EXERCISE DETAILS:
The material below holds the lines to copy: from the one with "Декорация за стена" up to and including the one with "شمر عن ليث عن". Copy them exactly and skip the pictures.

MATERIAL TO PROCESS:

<<<<

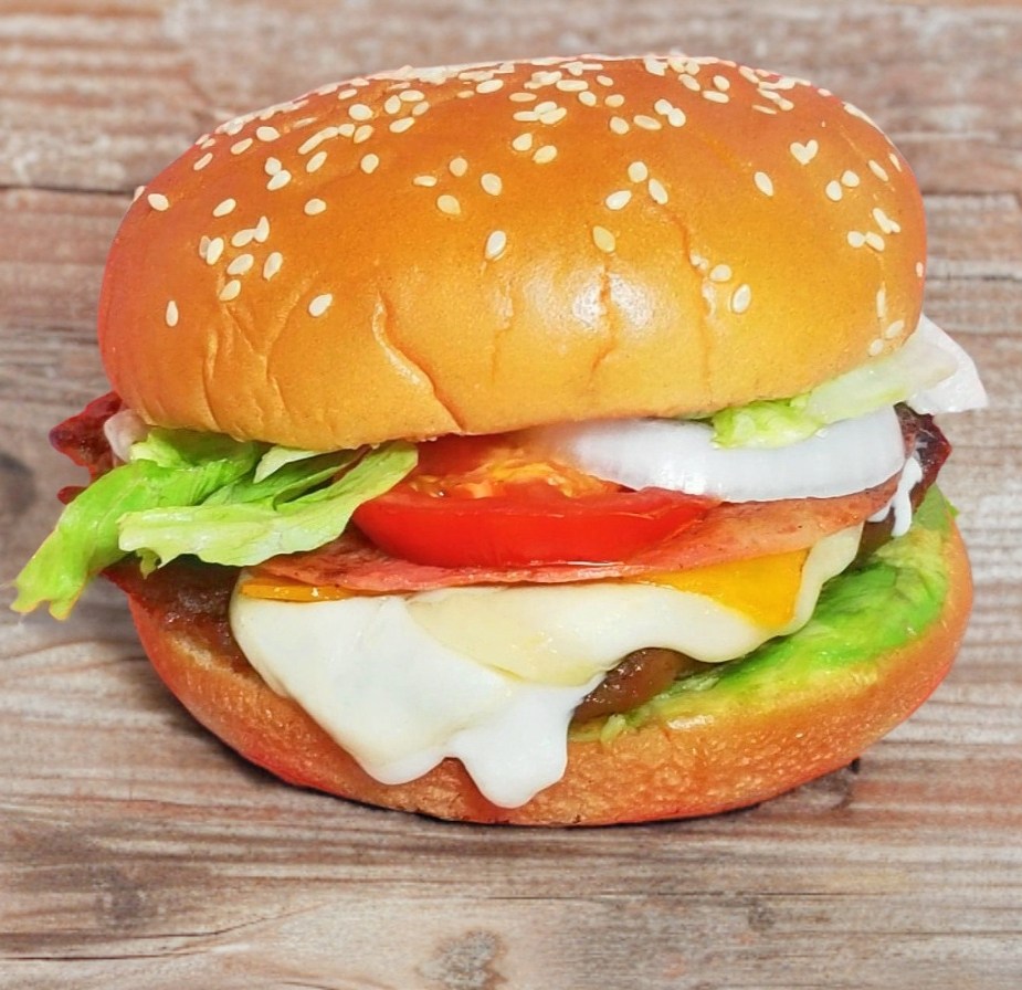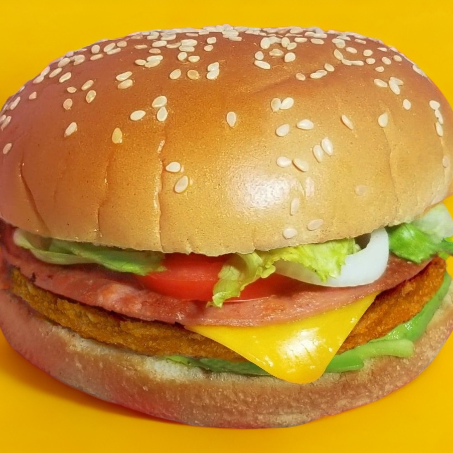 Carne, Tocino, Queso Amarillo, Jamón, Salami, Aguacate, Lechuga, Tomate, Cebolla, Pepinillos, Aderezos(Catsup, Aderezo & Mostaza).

>>>>
<<<<

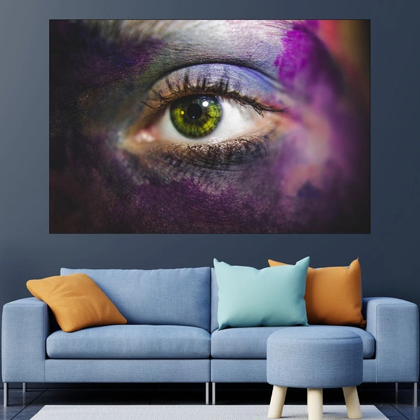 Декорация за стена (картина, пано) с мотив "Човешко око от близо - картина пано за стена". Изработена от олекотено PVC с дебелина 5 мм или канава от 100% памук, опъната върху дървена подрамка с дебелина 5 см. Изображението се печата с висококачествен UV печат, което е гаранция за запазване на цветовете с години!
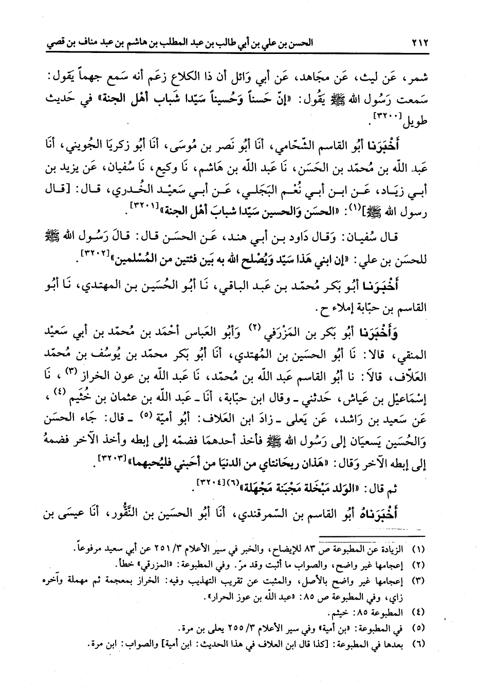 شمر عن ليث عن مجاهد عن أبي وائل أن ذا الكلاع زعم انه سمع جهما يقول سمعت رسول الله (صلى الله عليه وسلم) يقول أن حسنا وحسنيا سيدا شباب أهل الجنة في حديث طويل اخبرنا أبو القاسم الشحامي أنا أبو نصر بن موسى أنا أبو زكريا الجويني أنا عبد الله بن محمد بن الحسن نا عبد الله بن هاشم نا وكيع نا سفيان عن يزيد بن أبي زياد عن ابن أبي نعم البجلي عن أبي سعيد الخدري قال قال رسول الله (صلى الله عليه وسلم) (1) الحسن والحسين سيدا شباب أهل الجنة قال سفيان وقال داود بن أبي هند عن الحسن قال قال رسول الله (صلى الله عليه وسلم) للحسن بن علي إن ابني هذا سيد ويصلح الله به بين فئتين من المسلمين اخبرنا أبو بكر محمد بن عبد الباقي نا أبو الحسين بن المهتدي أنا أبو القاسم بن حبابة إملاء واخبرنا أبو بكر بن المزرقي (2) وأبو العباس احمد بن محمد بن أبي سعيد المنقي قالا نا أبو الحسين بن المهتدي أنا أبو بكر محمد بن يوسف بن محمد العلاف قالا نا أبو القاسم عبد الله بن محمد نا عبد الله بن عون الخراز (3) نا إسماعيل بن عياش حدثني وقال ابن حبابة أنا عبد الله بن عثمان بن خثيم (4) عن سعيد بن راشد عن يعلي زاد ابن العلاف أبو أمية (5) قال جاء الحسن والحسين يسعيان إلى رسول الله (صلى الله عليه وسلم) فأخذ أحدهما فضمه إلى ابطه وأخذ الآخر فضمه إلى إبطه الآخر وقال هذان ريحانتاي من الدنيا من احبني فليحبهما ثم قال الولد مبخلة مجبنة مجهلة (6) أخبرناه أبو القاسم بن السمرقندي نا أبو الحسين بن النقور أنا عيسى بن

>>>>
<<<<

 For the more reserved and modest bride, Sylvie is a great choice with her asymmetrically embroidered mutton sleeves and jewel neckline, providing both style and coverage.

>>>>

TASK RESULT:
 Декорация за стена (картина, пано) с мотив "Човешко око от близо - картина пано за стена". Изработена от олекотено PVC с дебелина 5 мм или канава от 100% памук, опъната върху дървена подрамка с дебелина 5 см. Изображението се печата с висококачествен UV печат, което е гаранция за запазване на цветовете с години!
 شمر عن ليث عن مجاهد عن أبي وائل أن ذا الكلاع زعم انه سمع جهما يقول سمعت رسول الله (صلى الله عليه وسلم) يقول أن حسنا وحسنيا سيدا شباب أهل الجنة في حديث طويل اخبرنا أبو القاسم الشحامي أنا أبو نصر بن موسى أنا أبو زكريا الجويني أنا عبد الله بن محمد بن الحسن نا عبد الله بن هاشم نا وكيع نا سفيان عن يزيد بن أبي زياد عن ابن أبي نعم البجلي عن أبي سعيد الخدري قال قال رسول الله (صلى الله عليه وسلم) (1) الحسن والحسين سيدا شباب أهل الجنة قال سفيان وقال داود بن أبي هند عن الحسن قال قال رسول الله (صلى الله عليه وسلم) للحسن بن علي إن ابني هذا سيد ويصلح الله به بين فئتين من المسلمين اخبرنا أبو بكر محمد بن عبد الباقي نا أبو الحسين بن المهتدي أنا أبو القاسم بن حبابة إملاء واخبرنا أبو بكر بن المزرقي (2) وأبو العباس احمد بن محمد بن أبي سعيد المنقي قالا نا أبو الحسين بن المهتدي أنا أبو بكر محمد بن يوسف بن محمد العلاف قالا نا أبو القاسم عبد الله بن محمد نا عبد الله بن عون الخراز (3) نا إسماعيل بن عياش حدثني وقال ابن حبابة أنا عبد الله بن عثمان بن خثيم (4) عن سعيد بن راشد عن يعلي زاد ابن العلاف أبو أمية (5) قال جاء الحسن والحسين يسعيان إلى رسول الله (صلى الله عليه وسلم) فأخذ أحدهما فضمه إلى ابطه وأخذ الآخر فضمه إلى إبطه الآخر وقال هذان ريحانتاي من الدنيا من احبني فليحبهما ثم قال الولد مبخلة مجبنة مجهلة (6) أخبرناه أبو القاسم بن السمرقندي نا أبو الحسين بن النقور أنا عيسى بن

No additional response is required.